In the days after Sanabria’s death, his former tenants and co-workers staggered between shock and grief. Contributing to the over-all sense of loss was their collective realization that, while they each felt extremely close to him, they actually knew little about him. Montalvo, for instance, was vaguely aware that Sanabria had served in the military, yet he never learned any of the details. One tenant in the building, a thirty-eight-year-old nurse and Navy reservist named Frankie Hamilton, knew about Sanabria’s time in the Navy because they swapped stories about training at a facility near Throgs Neck, in the Bronx. But he didn’t know anything about Sanabria’s family. At one point, another tenant told me, “I kept hearing that he had a daughter who was a nurse, but also that his daughter was a cop. Which was it?”
He had two stepdaughters, actually—a nurse and an N.Y.P.D. officer. He spoke about each of them constantly, with an unabashed and even grandiloquent sense of pride. Yet he shared stories about them in different ways to different people. Julia Donahue-Wait, a registered nurse herself, knew all about Walkiris’s career. But she would be at work during the day, when Sanabria’s other stepdaughter, Waleska, often dropped in to meet him for lunch. Waleska’s precinct, the Forty-fourth, includes the stretch of Grand Concourse where Sanabria worked. Several times a week, they went to a deli down the street and ate in his break room at the building. “When I didn’t have time, we would stand at the front door and talk about my son,” Waleska told me. Their conversations revolved around one of three things, she said: her child, her mother, or her work. “He loved that I was a cop. He was always telling me about things that would happen around the neighborhood.”

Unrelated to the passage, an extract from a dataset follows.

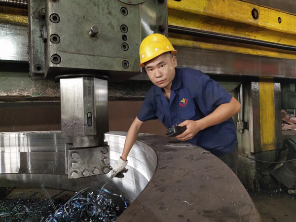 他為人憨厚老實(shí),吃苦耐勞,服從安排,任勞任怨,做事專注細(xì)致,被張主任看在眼里記在心里。因此當(dāng)8米立車一名師傅辭職后,他便按照“量才配崗”的原則,立即把趙江調(diào)到立車崗位,每天親自教他操作立車。通過他的嚴(yán)格要求,加上趙江堅(jiān)持不懈的努力,他終于熟練掌握了立車的操作技術(shù)。如今,他在立車崗位上己經(jīng)做了兩年,前后己帶了兩位徒弟。每當(dāng)同事夸他上手快時(shí),他卻覺得自己的技術(shù)離師傅還有很大差距?!凹埳蠈W(xué)來終覺淺,絕知此事要躬行。張主任的親自教導(dǎo)、我從書本上自學(xué)來的知識(shí),自己按條條框框操作,這是打基礎(chǔ)。領(lǐng)悟了圖紙的加工要求后,在保證質(zhì)量的前提下,編寫好程序、各項(xiàng)參數(shù)、速度(包括進(jìn)給速度和轉(zhuǎn)速)后,我還必須隨時(shí)觀察車床上的一舉一動(dòng),監(jiān)管加工全過程,在工作實(shí)踐中不斷發(fā)現(xiàn)問題、思考問題、解決問題、總結(jié)經(jīng)驗(yàn)。當(dāng)我能對具體問題具體分析具體解決并游刃有余時(shí),我就從操作工變成師傅了,”趙江說。

Sanabria, the son of Puerto Rican parents, grew up near the old Yankee Stadium, in the Bronx. After high school, he joined the Navy, where he served for the next twenty years. Travelling was an obsession of his—in the service, he spent time in the Philippines and the Bahamas—but he also loved structure and a sense of routine. “I used to say to him, ‘Juan, you’re just weird!’ ” Mimi Roman, his oldest friend, told me. (The two of them were born on the same day: August 13, 1967.) “He had to have everything in order. He’d always have his way of doing things.” After he was diagnosed with celiac disease, a digestive disorder that rendered him allergic to gluten, he adjusted his diet and stuck to it. “It was always everything in moderation,” Roman said.